- _Try it_: Pictures excluded, please transcribe exactly the lines from the one with "Elegant 925 silver" through the end of the records below, and nothing more.

- _Exercise data_:
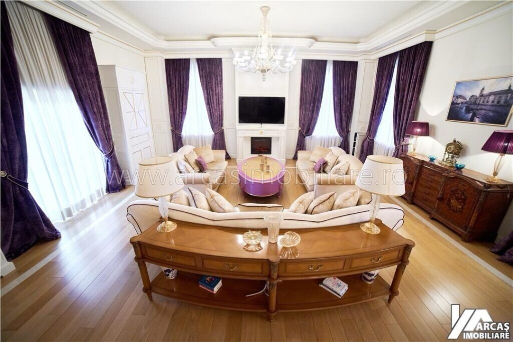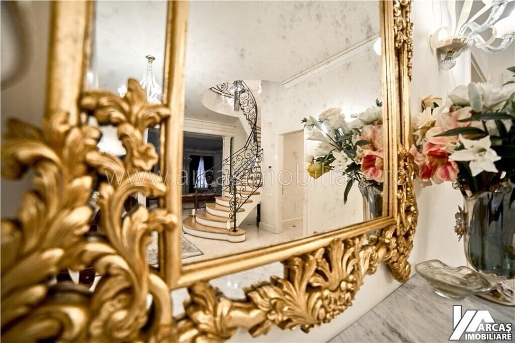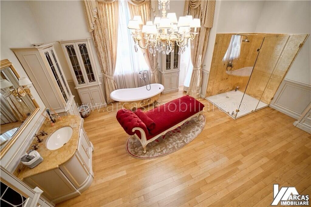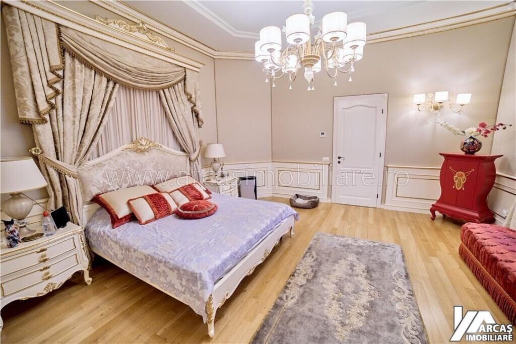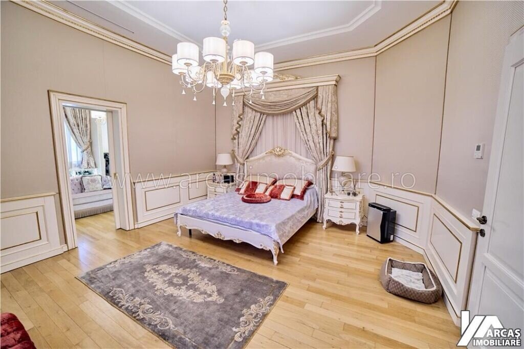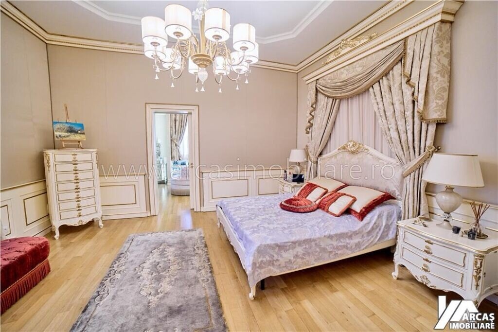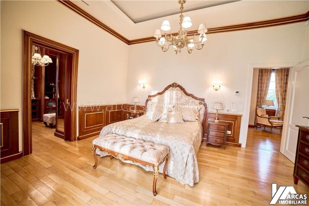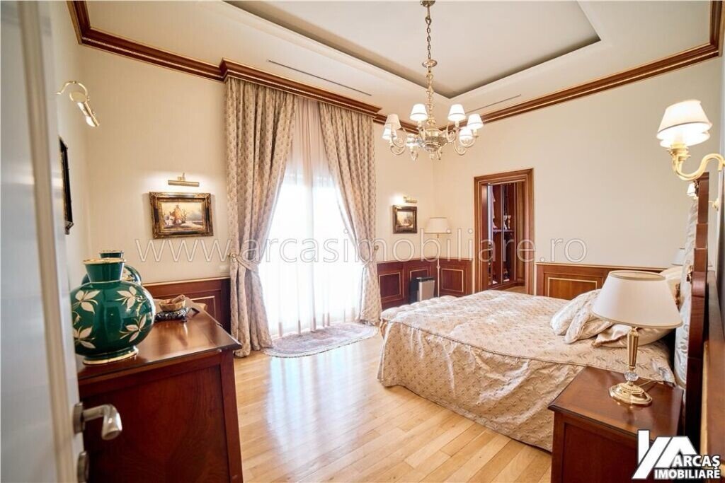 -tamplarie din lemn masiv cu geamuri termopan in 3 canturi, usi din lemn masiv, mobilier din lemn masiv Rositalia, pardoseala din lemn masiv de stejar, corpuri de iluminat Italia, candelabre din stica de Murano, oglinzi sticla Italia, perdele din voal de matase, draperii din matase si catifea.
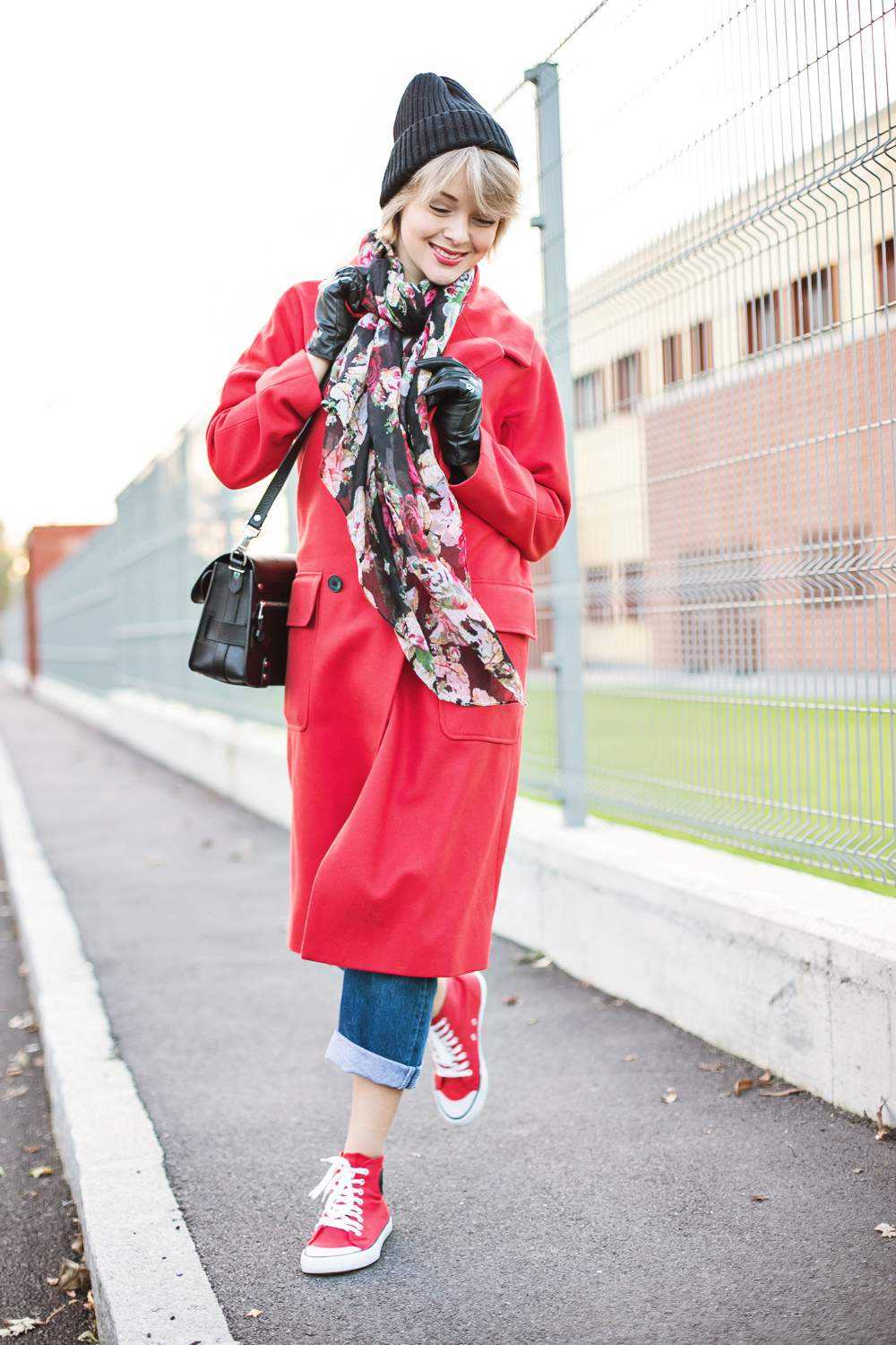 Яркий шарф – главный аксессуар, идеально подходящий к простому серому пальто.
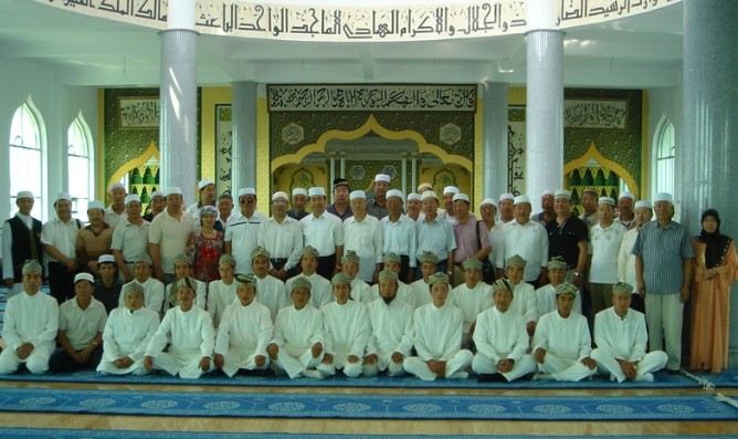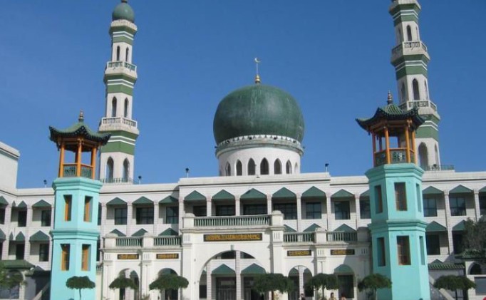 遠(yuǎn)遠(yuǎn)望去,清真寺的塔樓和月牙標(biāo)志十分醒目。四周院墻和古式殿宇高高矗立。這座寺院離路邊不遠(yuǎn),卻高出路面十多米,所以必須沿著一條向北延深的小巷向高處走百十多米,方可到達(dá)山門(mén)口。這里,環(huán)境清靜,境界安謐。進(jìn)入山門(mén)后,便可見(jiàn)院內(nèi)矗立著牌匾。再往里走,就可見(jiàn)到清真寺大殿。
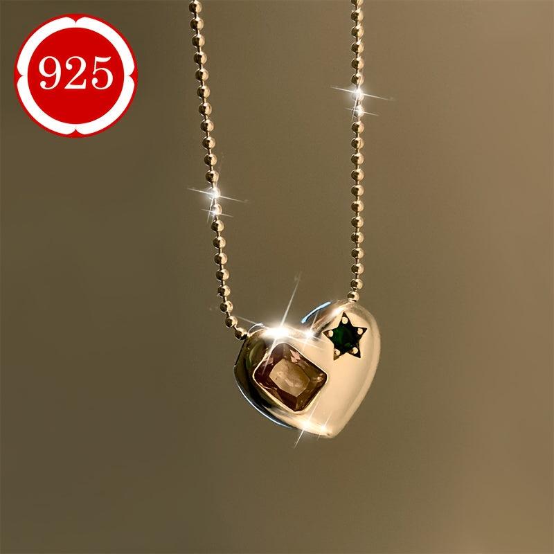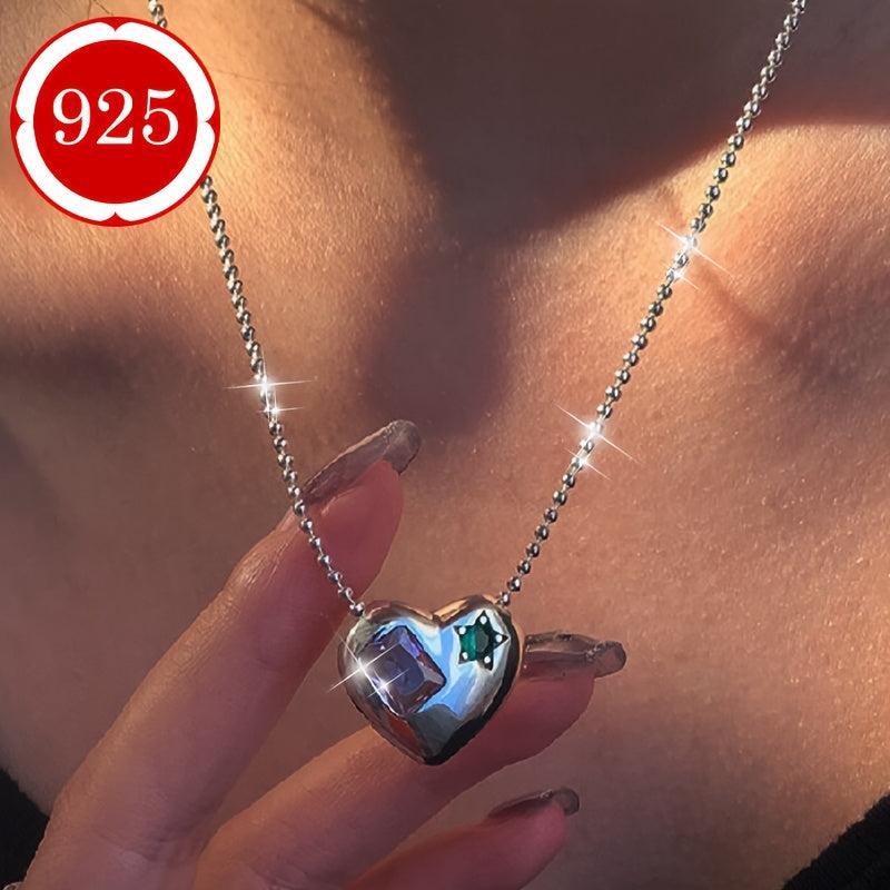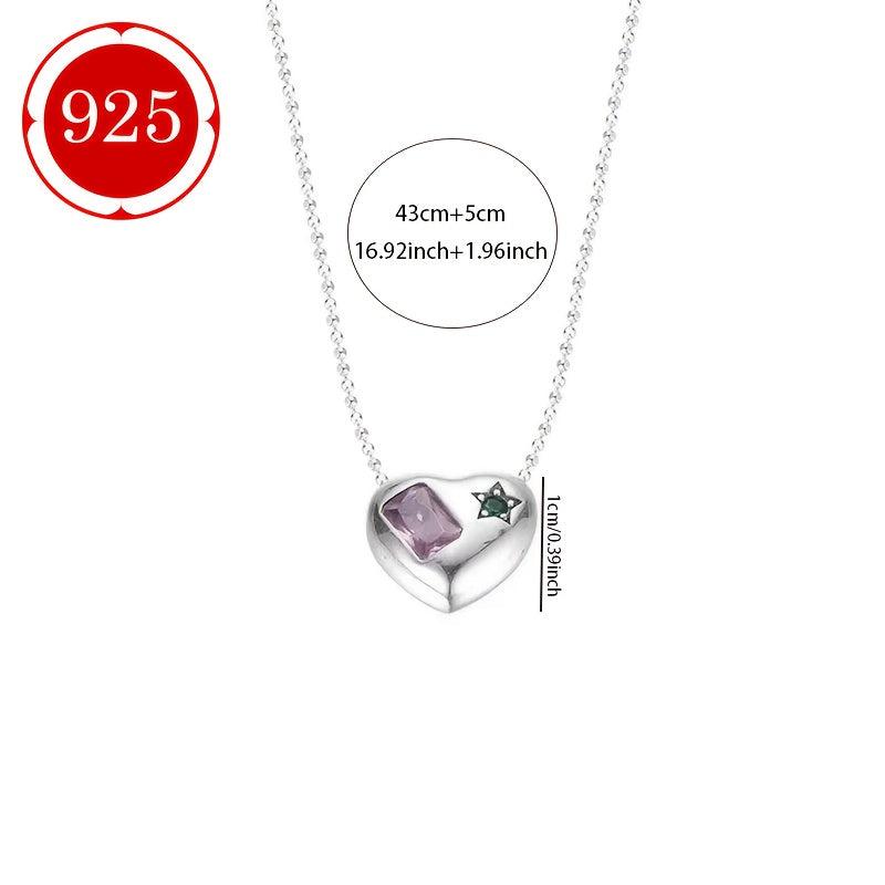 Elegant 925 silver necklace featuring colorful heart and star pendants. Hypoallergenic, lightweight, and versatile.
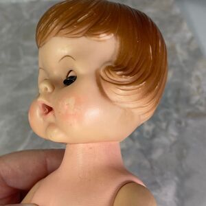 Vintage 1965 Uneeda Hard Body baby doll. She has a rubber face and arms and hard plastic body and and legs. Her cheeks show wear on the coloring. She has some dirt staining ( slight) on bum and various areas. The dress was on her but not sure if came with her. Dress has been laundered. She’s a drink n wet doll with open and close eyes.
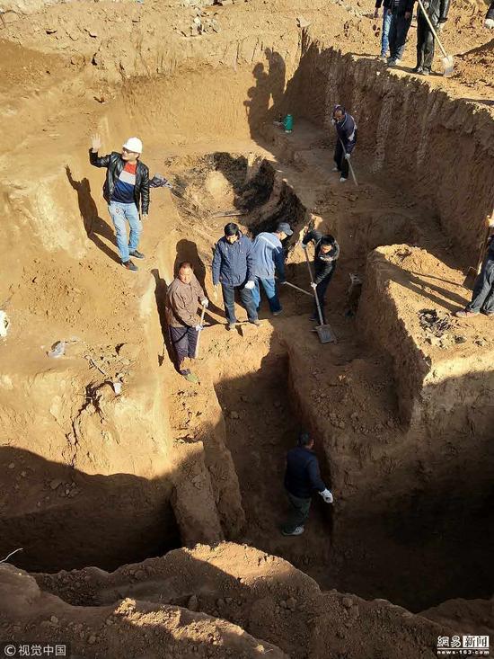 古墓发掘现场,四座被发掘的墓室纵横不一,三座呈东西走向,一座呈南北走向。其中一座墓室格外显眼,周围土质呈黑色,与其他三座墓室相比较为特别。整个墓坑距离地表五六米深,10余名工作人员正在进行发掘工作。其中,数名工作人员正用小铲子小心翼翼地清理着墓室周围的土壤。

- _Task answer_:
 Elegant 925 silver necklace featuring colorful heart and star pendants. Hypoallergenic, lightweight, and versatile.
 Vintage 1965 Uneeda Hard Body baby doll. She has a rubber face and arms and hard plastic body and and legs. Her cheeks show wear on the coloring. She has some dirt staining ( slight) on bum and various areas. The dress was on her but not sure if came with her. Dress has been laundered. She’s a drink n wet doll with open and close eyes.
 古墓发掘现场,四座被发掘的墓室纵横不一,三座呈东西走向,一座呈南北走向。其中一座墓室格外显眼,周围土质呈黑色,与其他三座墓室相比较为特别。整个墓坑距离地表五六米深,10余名工作人员正在进行发掘工作。其中,数名工作人员正用小铲子小心翼翼地清理着墓室周围的土壤。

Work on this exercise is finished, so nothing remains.